15:00:08 <haleyb> #startmeeting neutron_dvr
15:00:08 <openstack> Meeting started Wed Dec  9 15:00:08 2015 UTC and is due to finish in 60 minutes.  The chair is haleyb. Information about MeetBot at http://wiki.debian.org/MeetBot.
15:00:10 <openstack> Useful Commands: #action #agreed #help #info #idea #link #topic #startvote.
15:00:13 <openstack> The meeting name has been set to 'neutron_dvr'
15:00:13 <haleyb> hi swami
15:00:21 <haleyb> #chair Swami
15:00:24 <openstack> Current chairs: Swami haleyb
15:00:56 <obondarev> o/
15:01:04 <Swami> obondarev:hi
15:01:07 <haleyb> Swami: i had a complete system failure earlier this morning, so if I disappear it's all yours...
15:01:18 <Swami> haleyb: no problem
15:01:20 * regXboi wanders in late
15:01:21 <regXboi> hi
15:01:45 <Swami> I have to leave early today, so may be we can wind up the meeting early
15:01:54 <regXboi> I'm in favor of that
15:02:02 <haleyb> sure
15:02:19 <haleyb> #topic Announcements
15:02:28 <Swami> haleyb: I have edited the meeting wiki with bugs and then sorted the bugs based on category
15:03:03 <haleyb> ok, we might have stepped on each other as oleg and myself also edited today, i'll look
15:03:27 <obondarev> yeah
15:03:29 <Swami> haleyb: yes my changes overlapped yours and then I fixed it.
15:03:36 <haleyb> I didn't have any particular announcements, just that reviews have continued to merge, which is goodness
15:03:50 <haleyb> #topic Bugs
15:03:53 <Swami> haleyb: is the gate, zuul happy
15:03:54 * carl_baldwin wanders in
15:04:12 <fitoduarte> .
15:04:14 <Swami> Ok we have at least 4 new bugs for this week that was filed.

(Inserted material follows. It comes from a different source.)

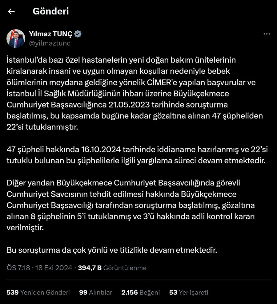 Adalet Bakanı Yılmaz Tunç, sosyal paylaşım sitesi X hesabından yaptığı paylaşımda, “İstanbul’da bazı özel hastanelerin yeni doğan bakım ünitelerinin kiralanarak insani ve uygun olmayan koşullar nedeniyle bebek ölümlerinin meydana geldiğine yönelik CİMER’e yapılan başvurular ve İstanbul İl Sağlık Müdürlüğünün ihbarı üzerine Büyükçekmece Cumhuriyet Başsavcılığınca 21 Mayıs 2023 tarihinde soruşturma başlatılmış, bu kapsamda bugüne kadar gözaltına alınan 47 şüpheliden 22’si tutuklanmıştır. 47 şüpheli hakkında 16 Ekim 2024 tarihinde iddianame hazırlanmış ve 22’si tutuklu bulunan bu şüphelilerle ilgili yargılama süreci devam etmektedir” dedi.

15:04:29 <haleyb> Swami: get is getting better
15:04:34 <haleyb> s/get/gate
15:04:36 <Swami> #link https://bugs.launchpad.net/neutron/+bug/1524291
15:04:36 <openstack> Launchpad bug 1524291 in neutron "check_ports_on_host_and_subnet() duplicates check_ports_exist_on_l3agent()" [Low,In progress] - Assigned to Oleg Bondarev (obondarev)
15:04:55 <obondarev> preparing fix for it
15:04:58 <Swami> This is a low category and probably a cleanup and I don't think we need more discussion on this.

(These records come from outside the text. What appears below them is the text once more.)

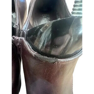 Franco Sarto Brown Leather Square Toe Side Zip Pumps Shoes Size 7.5
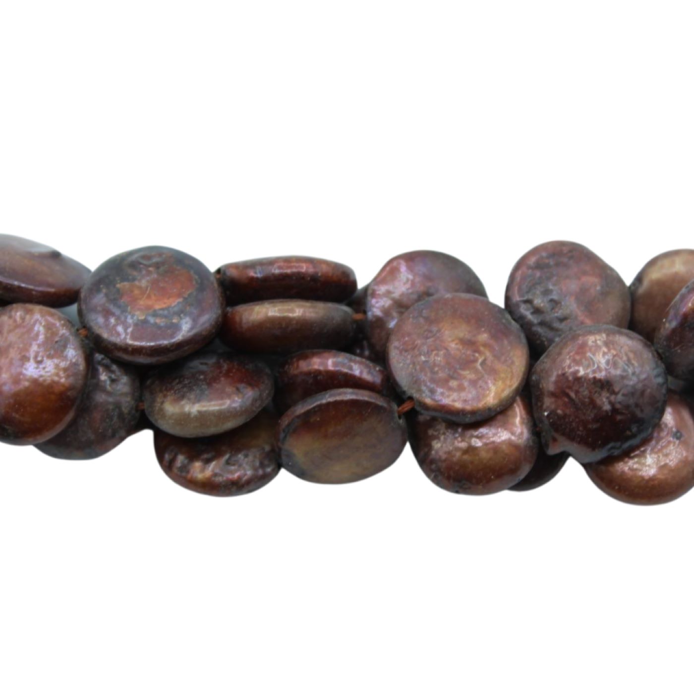 Freshwater Pearl – Coin – 10 – 12mm – 40cm Strand – Brown. Dyed Freshwater Pearl. Side drilled. Aprrox Size 10 – 12mm size.
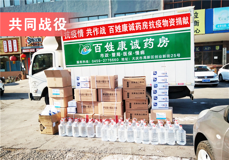 2020年2月4日向大慶市慈善會(huì)捐贈(zèng)價(jià)值12萬余元的抗疫物資:消毒液、護(hù)目鏡、酒精、二氧化氯、連花清瘟膠囊、抗病毒口服液、雙黃連口服液、脾氨肽膚凍干粉。定向捐贈(zèng)給:大慶人民醫(yī)院、大慶油田總醫(yī)院。以保障抗疫物資需求。
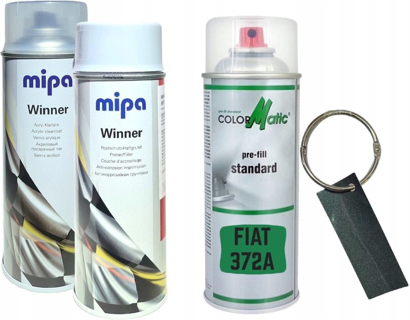 ZESTAW LAKIER SAMOCHODOWY SPRAY FIAT 372A W skład prezentowanego zestawu wchodzi: Lakier samochodowy : FIAT 372A - SPRAY 375ml Lakier bezbarwny : MIPA - SPRAY 400ml Podkład akrylowy : MIPA - SPRAY 400ml LAKIER SAMOCHODOWY SPRAY FIAT 372A Spray doskonale sprawdza się do malowania niewielkich …

15:05:06 <Swami> obondarev: thanks
15:05:14 <obondarev> just noticed while working on dvr sheduling refactoring
15:05:19 <Swami> next one
15:05:23 <Swami> #link https://bugs.launchpad.net/neutron/+bug/1524020
15:05:23 <openstack> Launchpad bug 1524020 in neutron "DVRImpact: dvr_vmarp_table_update and dvr_update_router_add_vm is called for every port update instead of only when host binding or mac-address changes occur" [Medium,Confirmed] - Assigned to Swaminathan Vasudevan (swaminathan-vasudevan)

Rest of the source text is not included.